Stelletta kallitetilla

Scientific classification
- Kingdom: Animalia
- Phylum: Porifera
- Class: Demospongiae
- Order: Tetractinellida
- Family: Ancorinidae
- Genus: Stelletta
- Species: S. kallitetilla
- Binomial name: Stelletta kallitetilla (de Laubenfels, 1936)
- Synonyms: Myriastra kallitetilla de Laubenfels, 1936;

= Stelletta kallitetilla =

- Authority: (de Laubenfels, 1936)
- Synonyms: Myriastra kallitetilla de Laubenfels, 1936

Species of sponge

Stelletta kallitetilla is a species of demosponge belonging to the family Ancorinidae. It is native to the tropical western Atlantic Ocean and the Caribbean Sea. It was first described in 1936 by the American zoologist Max Walker de Laubenfels as Myriastra kallitetilla but was later transferred to the genus Stelletta.

==Description==
Stelletta kallitetilla is a massive sponge that is usually green or yellow, the colour varying from light yellowish-green to a dark shade of green. The consistency of the sponge is soft but tough, and it often has an osculum at the top. The surface is usually nodular, but may be smooth or bristly, and often has fouling organisms growing on it.

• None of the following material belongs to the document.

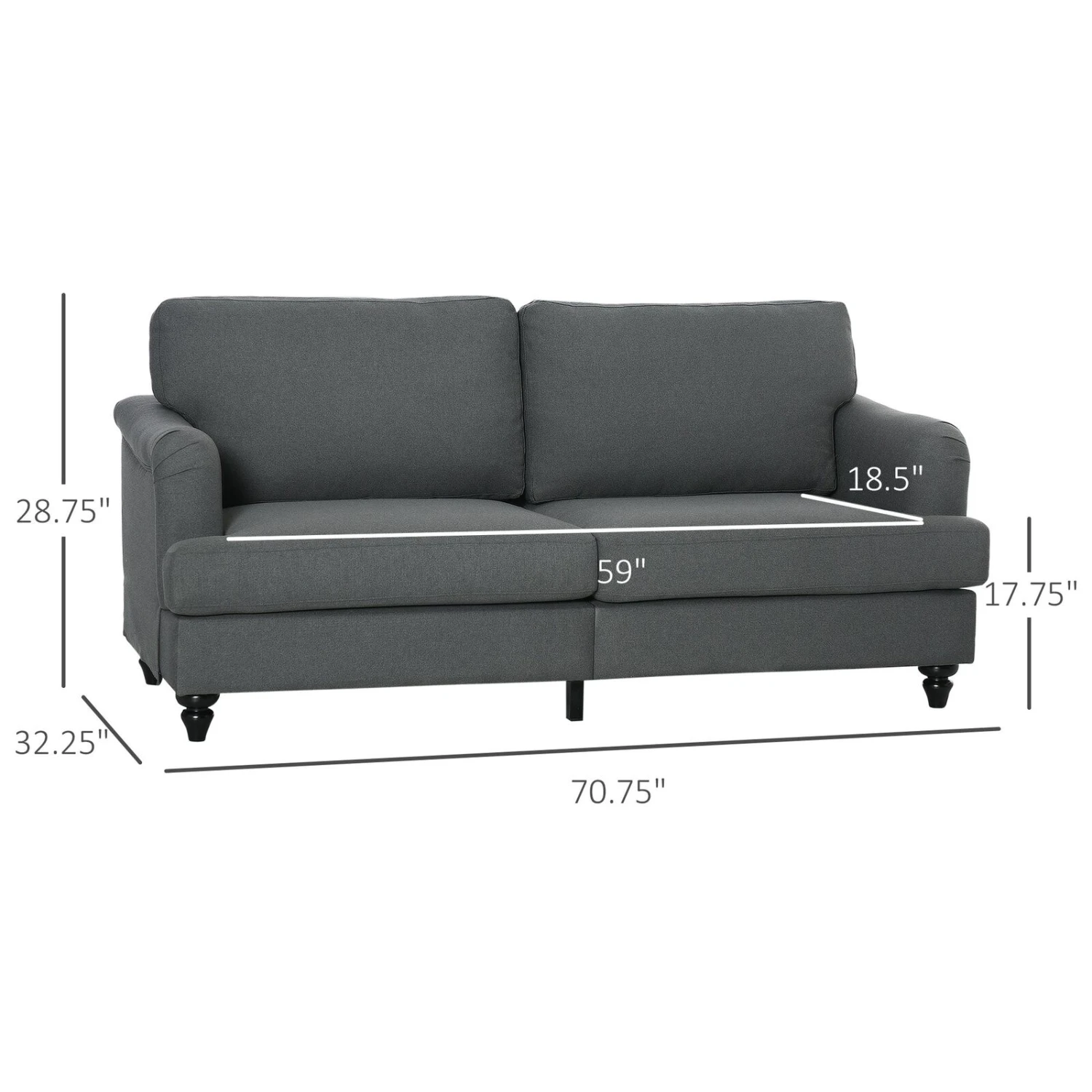 - – Bedroom Couch Information Overall Dimensions 70.75″ W x 32.25″ D x 28.75″ H. Seat Size 59″ W x 18.5″ D. Seat Height 17.75″. Weight Capacity 660 lbs. Assembly required.

==Distribution and habitat==
Stelletta kallitetilla is native to the tropical western Atlantic Ocean, the Caribbean Sea and the Gulf of Mexico. It grows at depths down to about 38 m.
 It tends to grow in seagrass meadows and on the stilt roots of mangroves.

==Ecology==
Stelletta kallitetilla often harbours the commensal amphipod Colomastix janiceae, as well as another amphipod, Leucothoe spinicarpa, in the tubes, holes and crevices of the sponge; in a study off southeastern Florida and the Florida Keys, all the ten individual sponges examined contained the amphipods living inside.